İstismar edilen şeyler var. Göçmenler keyfi değil. Gidecekler, onların planı yapıldı ama gittikleri zaman yaşam korkusu, can korkusu olmaması lazım. Bir insanı bile bile ölüme gönderebilir misiniz? Bu insanlığa sığmaz. Akdeniz’den Kamışlı’ya bir güvenlik kuşağı oluşturduk ki oradaki otorite boşluğundan terör alan bulamasın. Şimdi orada her türlü kamu hizmetleri hazırlandı. Peyderpey gidiyorlar. İnşallah Suriye’de barış sağlanır. Esed, ülkenin 3’te 1’ine hakim ve belli etnik grubuna hitap ediyor. Ülkenin tamamına hitap eden yönetim ve huzur tesis edilirse onlar da memleketlerine gidecek. Bu vatan başka bir şeydir. Bunlar gidecek, burada kalacak değiller. Tabii ki biz kendi vatandaşımızın hak ettiği imkanları onlara verecek değiliz. Bu abartılıyor, istismar ediliyor. Her şeye rağmen bu süreç başladı. 1 milyon mülteci gidecek noktaya geldi. İdlib’in kuzeyinde evler, okullar yapıldı, adeta şehir kuruldu. Onlar buraya yerleştiriliyor. Bu meseleyi Cumhurbaşkanımız da ciddiyetle takip edecek” diye konuştu.
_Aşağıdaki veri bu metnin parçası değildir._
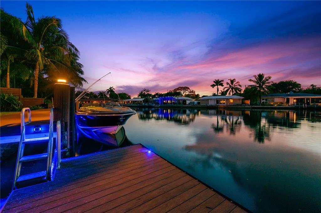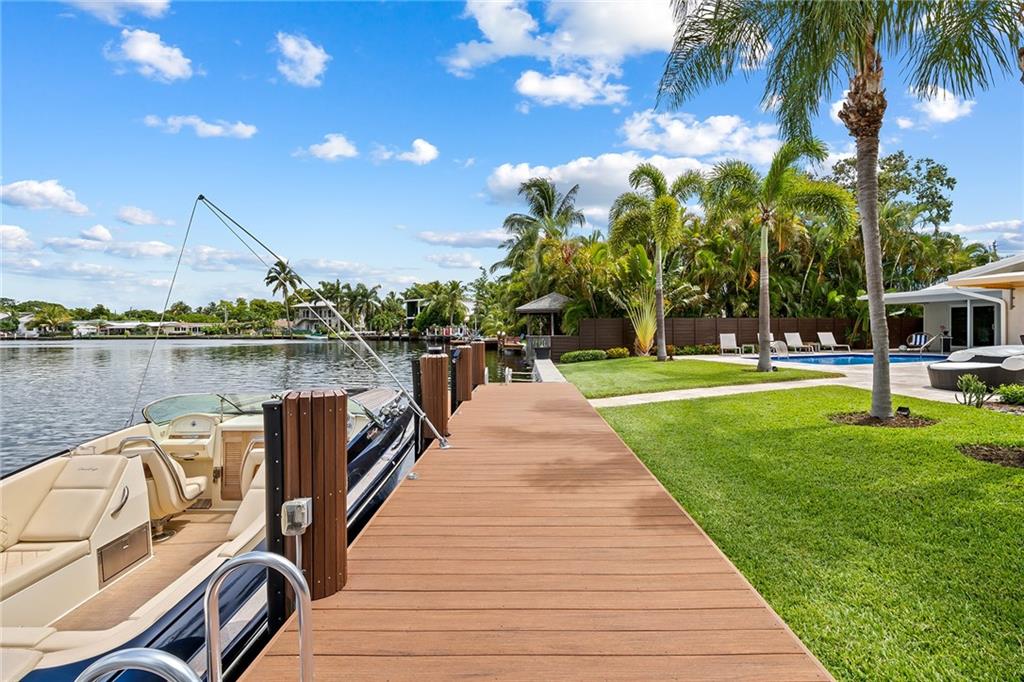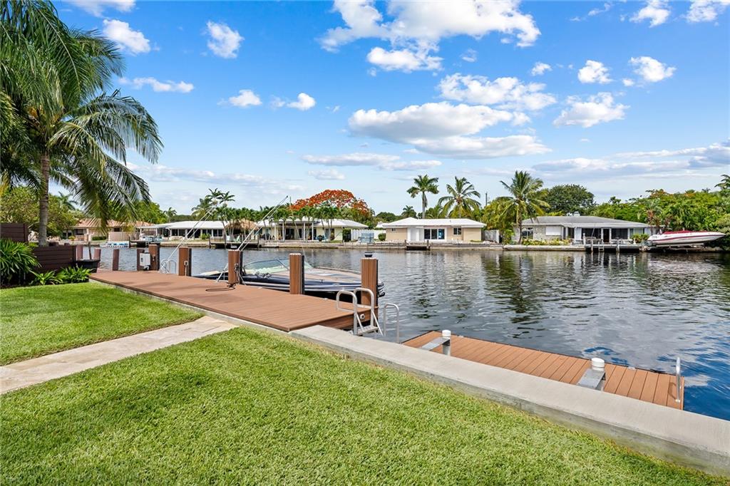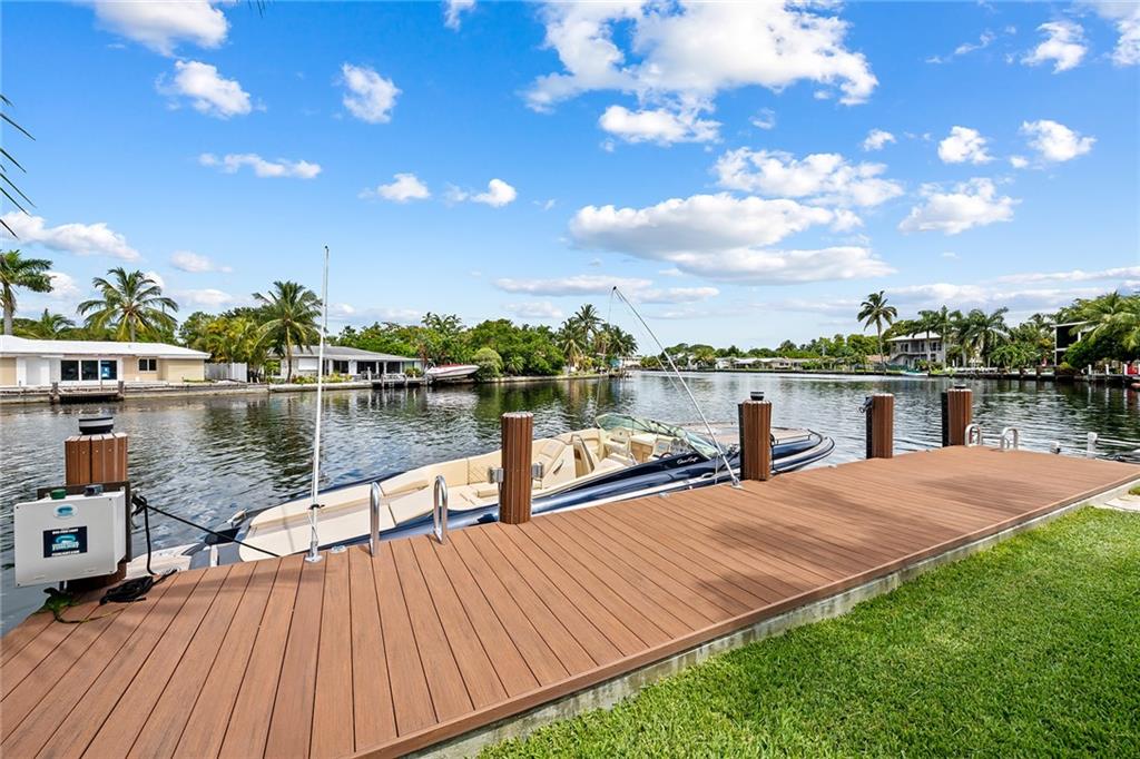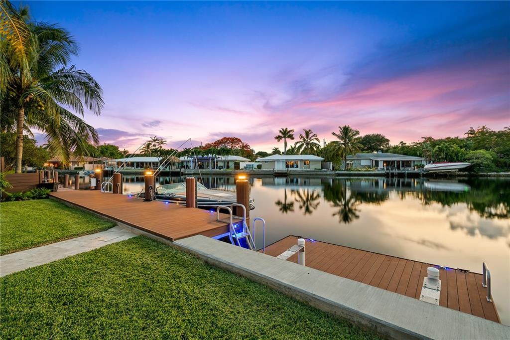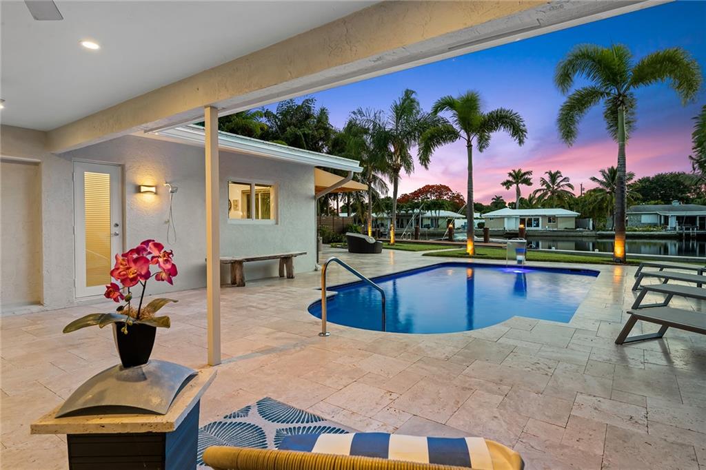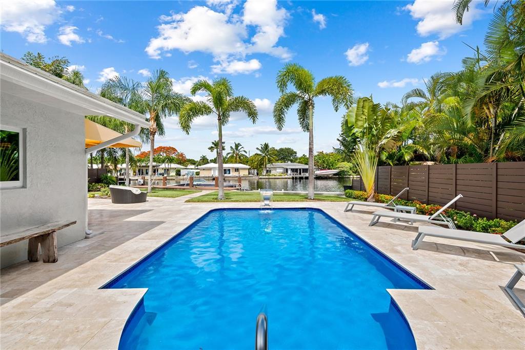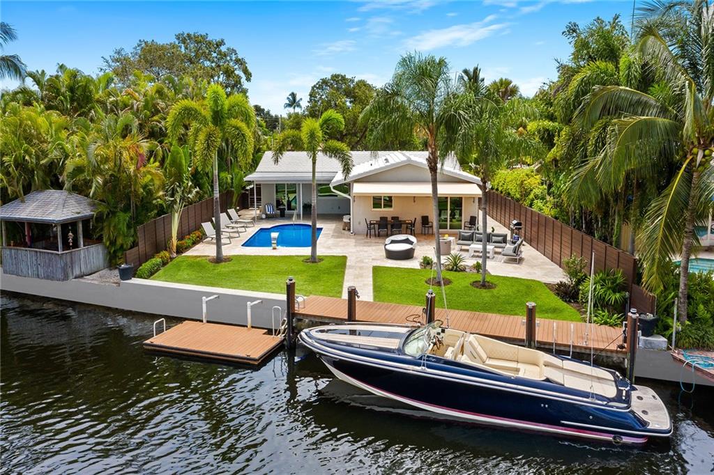 Improved Price! This is like a 5-star resort. Upgrades on the EXTERIOR and INTERIOR throughout and with an open checkbook. This is your home sweet home. Exteriors: Lush landscaping, new roof, 70ft water, wired/water B dock/floating dock, lighted waterfall pool, 1000+ ft terrazzo tiles, security camera fenced, w lock, impact windows/doors, RV/boat parking, grass-framed. Concrete. Interiors: CPoint E/car charging, double e garage, washer/dryer/sink combo, large open entry, L.R. D.R./ Bertazzoni induction range, marbled quartz ctops/and bar (4) office, pocket glass doors, fully open to exterior, 1522sf under air, 3 full bdrms, designer closets, walk in at MBDRM, en-suite hi end bath/guest bath. Jacuzzi tub, designer fixtures, full HVAC, heat + heated pool. Close to: Wilton, Beach, Las Olas.

“TERÖR TÜRKİYE’DE HİÇ KİMSENİN GÜNDEMİNDE DEĞİL”
Son 20 yıldır ülkede terörün kontrol altına alınmasıyla beraber Doğu Anadolu’da ve Güneydoğu Anadolu’da yıllardır geri kalan altyapı, sağlık, eğitim hizmetlerindeki eksiklikleri giderme imkanının olduğunu belirten Yıldırım, “12 sene Ulaştırma ve Altyapı Bakanlığımda Doğu Anadolu ve Güneydoğu Anadolu’ya yaptığımız işler, batının 2,5 katı oldu. Buna hakkı vardı. Ben de doğu ilinden bir evlat olarak bu durumu görüyordum. Terörden insanlar başını kaldıramazdı. Yollar, hastaneler, havaalanları yapılamıyordu. Batı ve doğu arasında gittikçe ciddi anlamda uçurum meydana getiriyordu. Kardeşliğimize de bu zarar veriyordu. ‘Devlet doğuya bakmıyor’ gibi duyguya kapılıyorlardı. Batıdaki de ‘Terör bizim canımızı yakıyor, onlara hiçbir şey vermeyin’ gibisinden bir ayrışma bir kutuplaşma ortamı vardı. 20 yılda yaptığımız yüzlerce iş var ama bunun en önemlisi terörün Türkiye’nin gündeminden düşürülmesidir. 2010’dan sonra terör Türkiye’de hiç kimsenin gündeminde değil. 10. sıraya bile gelmiyor. Yapılan araştırmalar bunu gösteriyor” sözlerine yer verdi.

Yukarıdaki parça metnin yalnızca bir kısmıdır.